Carrots and sticks

No pizza parties, no raffle tickets: Bill would bar Colorado schools from offering rewards to test-takers

Students in the Sheridan School District practice for the 2015 PARCC tests (Craig F. Walker, The Denver Post).

Update: This bill was amended to remove the penalties and received unanimous support from the Senate Education Committee on Feb. 14.

It’s already illegal in Colorado for schools to penalize students who don’t take state assessments. Now a bill before the legislature would make it illegal to reward students who take the tests and would penalize schools who offer such incentives.

“The school can’t say you can’t play on the team or go on the field trip,” said Senate Majority Leader Chris Holbert, who opted to keep his own sons from taking state assessments. “This bill addresses something that’s come up recently: If you take the assessment, you get to go to the party or go on the field trip or maybe even get to play on the sports team. It’s the same message, but the other way around.”

That’s just as wrong, said Holbert, a Republican from Parker who sponsored the bill with state Sen. Andy Kerr, a Lakewood Democrat.

Kerr is a teacher who serves on his school’s accountability committee, and he said another teacher raised this idea – supposedly used at a different school – as they discussed how to get more students to take the tests.

“We know that we can’t do negative consequences, but at this school, every student who takes the test gets a raffle ticket and the winner of the raffle gets a widescreen TV,” Kerr said. “This was given as an example of a positive reinforcement to take the test.”

The widescreen TV in this example was donated; no taxpayer dollars went to reward test-taking and the luck of the draw.

Under the bill, schools could still have parties after testing is over, but they couldn’t exclude students who didn’t take the tests.
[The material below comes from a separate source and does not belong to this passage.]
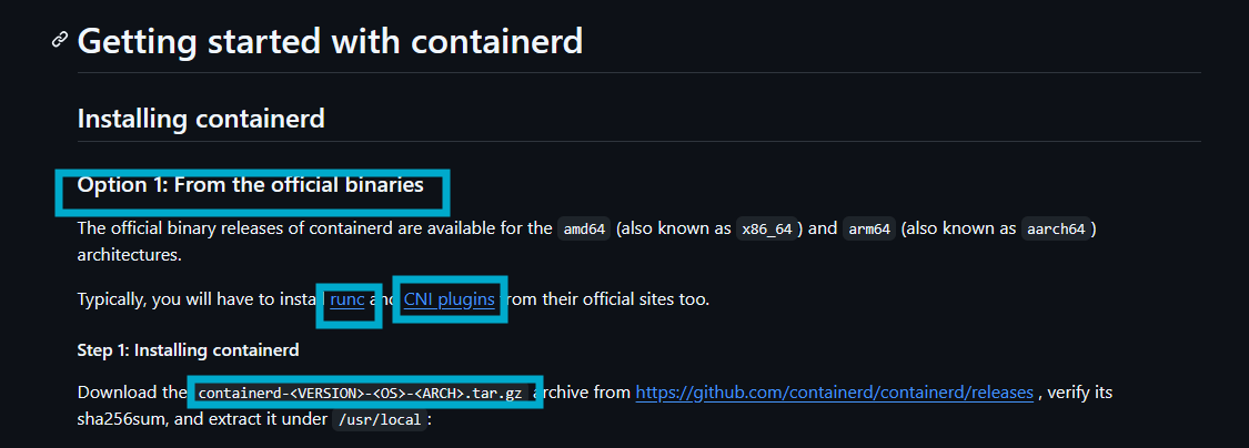 container...처럼 나오는 것 처럼 파일만 받으면 좋겠지만,runc와CNI plugins는 별도로 설치해야 한다고 한다.- 참고로 runc 는 위에서 설명했다.
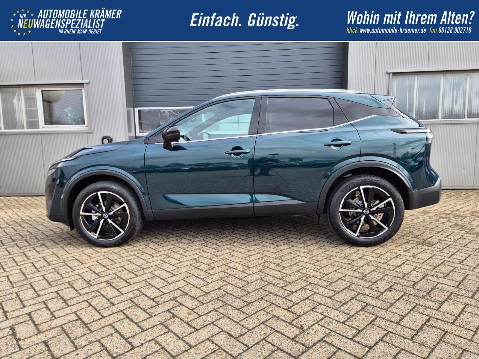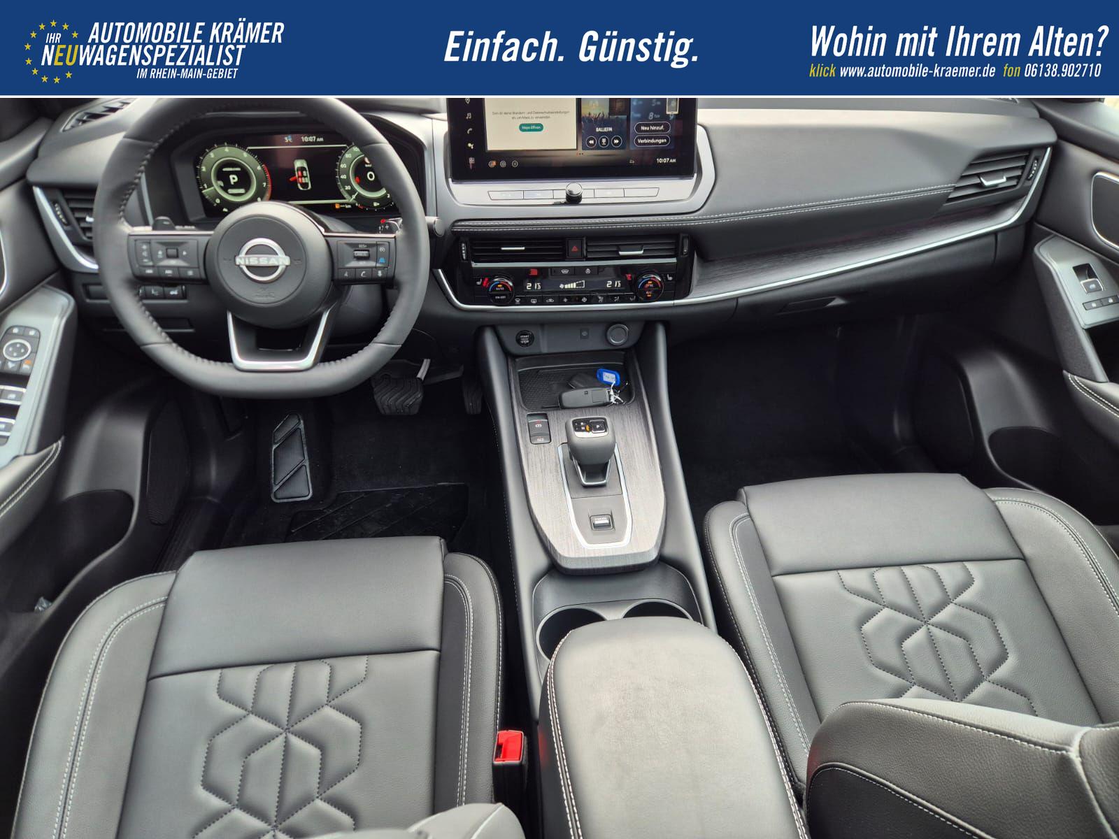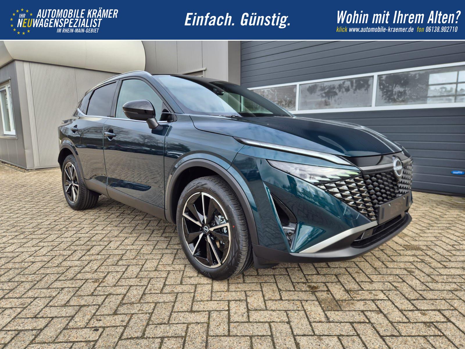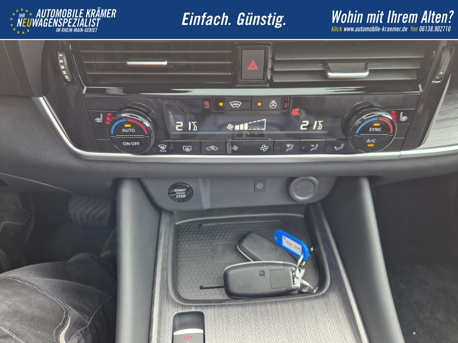 Nissan Qashqai 1.3 DIG-T MHEV 158 PS X-Tronic Tekna Voll-Leder Klimaautomatik PanoGlasdach Sitzheizung Lenkradheizung Navi Head-Up Display elektr. Heckklappe ACC PDC v+h 360°Kamera DAB Bluetooth Touchscreen Apple CarPlay Android Auto 19"LM

Colorado has been at the center of the opt-out movement nationally, and its partisans include people on the left and the right – students in conservative Douglas County as well as liberal Boulder County. How Colorado handles accountability for schools with high opt-out rates has been a point of contention with the federal government.

The State Board of Education has a policy that the state won’t lower the quality rating of schools who miss the 95 percent participation mark, while the federal Department of Education wants those students counted as “not proficient.” In a compromise, Colorado agreed to keep two lists of schools, one that complies with state law and one that complies with federal law, but Colorado is still waiting for approval from the federal government of its Every Student Succeeds Act plan.

Matt Cook, director of public policy and advocacy for the Colorado Association of School Boards, said his organization doesn’t have a position on the bill, but he does have a few questions: “Who are the bad actors?” and “Does this need to be a law?”

“I don’t want to pick on anybody in particular,” Holbert said, declining to name any schools or districts. He characterized the problem as “more than one, but not widespread.”

The Colorado PTA, the Colorado Education Association, the Colorado Association of School Executives, and the State Board of Education all support the idea behind the bill.

“We certainly believe students who have the family discussion to not take the test should not have any inappropriate hook dangled before them,” Nate Golich, director of government affairs for the teachers union, told the Senate Education Committee. “They should not feel stigmatized or ostracized because there’s a pizza party or a granola bar or orange slices.”

But there is a point of dispute: how to enforce such a law.

The original version of the bill calls for the Colorado Department of Education to make a note in the performance report of any schools found in violation, and to “impose a significant penalty” on the accreditation rating of any school that violates the law three or more times in a year.

Dana Smith, a spokeswoman for the Department of Education, said that provision would be difficult to enforce. The department collects a lot of data, but it doesn’t know which schools hold pizza parties for kids who take state assessments. Doing enforcement on a complaint basis could create an unfair situation in that schools whose parents complain are punished while schools with the same practices whose parents don’t complain go unpunished.

Lisa Escárcega, executive director of the Colorado Association of School Executives, called docking a school’s rating over this issue “using the jaws of life to go after a minnow.”

“We would not want a school to lose an entire accreditation point if three people call CDE,” Golich said.

The Senate Education Committee heard testimony about the bill Thursday but postponed a vote.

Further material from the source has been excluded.